Divergence in Hierarchical Binomial Linear model not solved by non-centered model

I tried making a hierarchical linear model, but resulted in 20% divergence. I tried increasing the adapt_delta, and it helped, but did not entirely resolve the problem. I read this guide, and made a corresponding non-centered model, but this led to the same divergence issue. I think I must have a mistake in my stan model? Or I misunderstand something entirely? Below are my first model (centered) and second model (non-centered).

data {
  int<lower=0> ndrivers; // Number of drivers
  int<lower=0> nteams; // Number of teams
  int<lower=0> C[ndrivers]; // Number of failures per driver
  int<lower=0> N[ndrivers]; // Number of racers per driver
  int<lower=0> is_b_driver[ndrivers]; // Categorical Variable for A/B driver class
  int team[ndrivers]; // Categorical Variable for team
}

parameters {
  real mu;
  real<lower=0> sigma;
  real alpha[nteams]; // Unique intercept per team
  real beta;  // coefficient for driver class
}
transformed parameters {
  real logit_p[ndrivers];
  real p[ndrivers];
  // Linear predictor
  for (i in 1:ndrivers){
    logit_p[i] = alpha[team[i]] + beta * is_b_driver[i];
  }
  p = inv_logit(logit_p);
}

model {
  // Priors
  mu ~ normal(0, 100);
  sigma ~ cauchy(0, 5);
  alpha[nteams] ~ normal(mu, sigma);
  beta ~ normal(0, 100);
  // Likelihood
  C ~ binomial(N, p);
}

generated quantities {
  real inv_logit_beta; //
  inv_logit_beta = inv_logit(beta);
}

data {
  int<lower=0> ndrivers; // Number of drivers
  int<lower=0> nteams; // Number of teams
  int<lower=0> C[ndrivers]; // Number of failures per driver
  int<lower=0> N[ndrivers]; // Number of racers per driver
  int<lower=0> is_b_driver[ndrivers]; // Categorical Variable for A/B driver class
  int team[ndrivers]; // Categorical Variable for team
}

parameters {
  real mu;
  real<lower=0> sigma;
  real alpha[nteams]; // Unique intercept per team
  real beta_tilde;  // coefficient for driver class
}
transformed parameters {
  real beta;
  real logit_p[ndrivers];
  real p[ndrivers];
  // Linear predictor
  beta = mu + sigma * beta_tilde;
  for (i in 1:ndrivers){
    logit_p[i] = alpha[team[i]] + beta * is_b_driver[i];
  }
  p = inv_logit(logit_p);

}

model {
  // Priors
  mu ~ normal(0, 10);
  sigma ~ cauchy(0, 5);
  alpha[nteams] ~ normal(mu, sigma);
  beta ~ normal(0, 10);
  // Likelihood
  C ~ binomial(N, p);
}

generated quantities {
  real inv_logit_beta; //
  inv_logit_beta = inv_logit(beta);
}


Any thoughts on my mistake would be helpful.
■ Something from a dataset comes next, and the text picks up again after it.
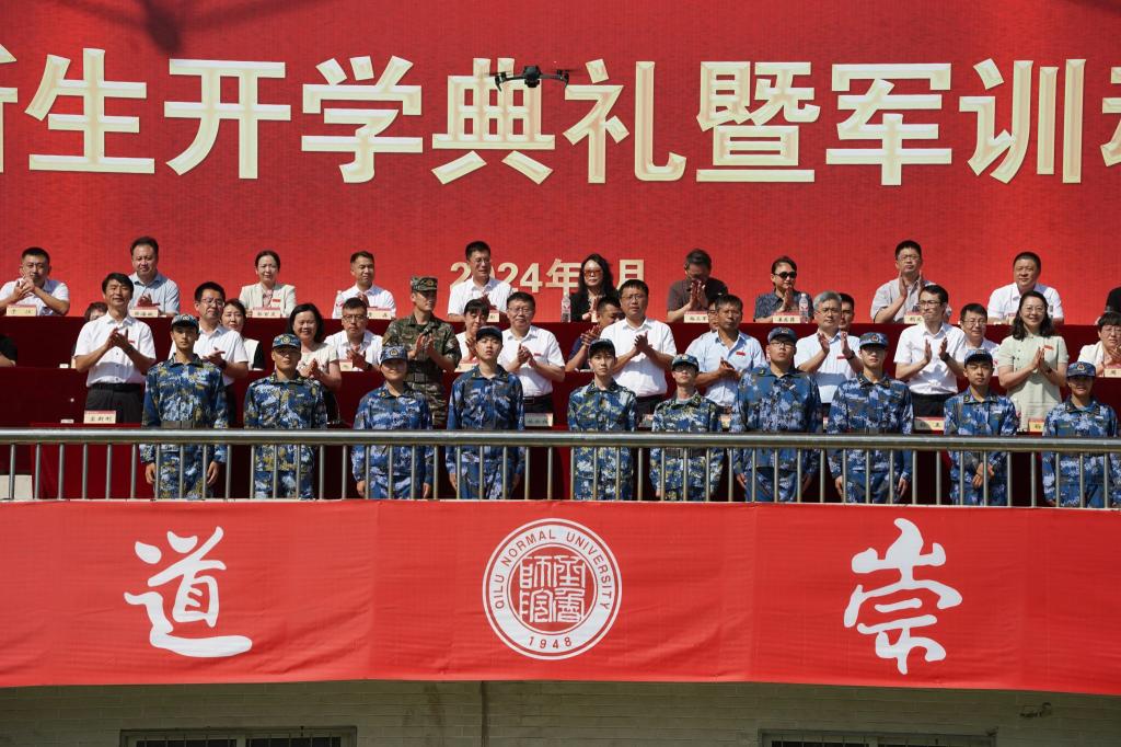 9月9日上午,齐鲁师范学院2024级新生开学典礼暨军训动员大会在章丘校区体育场举行。学校党委书记林松柏,党委副书记、校长郑秀文,党委副书记赵敏,副校长张兆明,党委委员、纪委书记、监察专员高明辉,党委委员、副校长孙正,党委委员、统战部部长宋新刚,党委委员、宣传部部长孙磊,杰出校友代表,承训部队相关人员出席典礼。典礼由赵敏主持。学校相关部门负责人,各学院院长、党委书记(副书记),学生工作部(处)、团委全体工作人员,各学院团总支书记(副书记)、辅导员,2024级全体新生共同观礼。

I figured out my issue. I didn’t uncenter the parameter I was pooling.

So I tried fixing my un-centering. I am still having divergence issues. Did I make a mistake? Here is my new model:


data {
  int<lower=0> ndrivers; // Number of drivers
  int<lower=0> nteams; // Number of teams
  int<lower=0> C[ndrivers]; // Number of failures per driver
  int<lower=0> N[ndrivers]; // Number of racers per driver
  int<lower=0> is_b_driver[ndrivers]; // Categorical Variable for A/B driver class
  int team[ndrivers]; // Categorical Variable for team
}

parameters {
  real mu;
  real<lower=0> sigma;
  real alpha_tilde[nteams]; // Unique intercept per team
  real beta;  // coefficient for driver class
}
transformed parameters {
  real alpha[nteams];
  real logit_p[ndrivers];
  real p[ndrivers];
  // Linear predictor
  for (i in 1:nteams){
    alpha[i] = mu + sigma * alpha_tilde[i];
  }
  for (i in 1:ndrivers){
    logit_p[i] = alpha[team[i]] + beta * is_b_driver[i];
  }
  p = inv_logit(logit_p);

}

model {
  // Priors
  mu ~ normal(0, 100);
  sigma ~ cauchy(0, 5);
  alpha_tilde[nteams] ~ normal(0, 100);
  beta ~ normal(0, 10);
  // Likelihood
  C ~ binomial(N, p);
}

generated quantities {
  real inv_logit_beta; //
  inv_logit_beta = inv_logit(beta);
}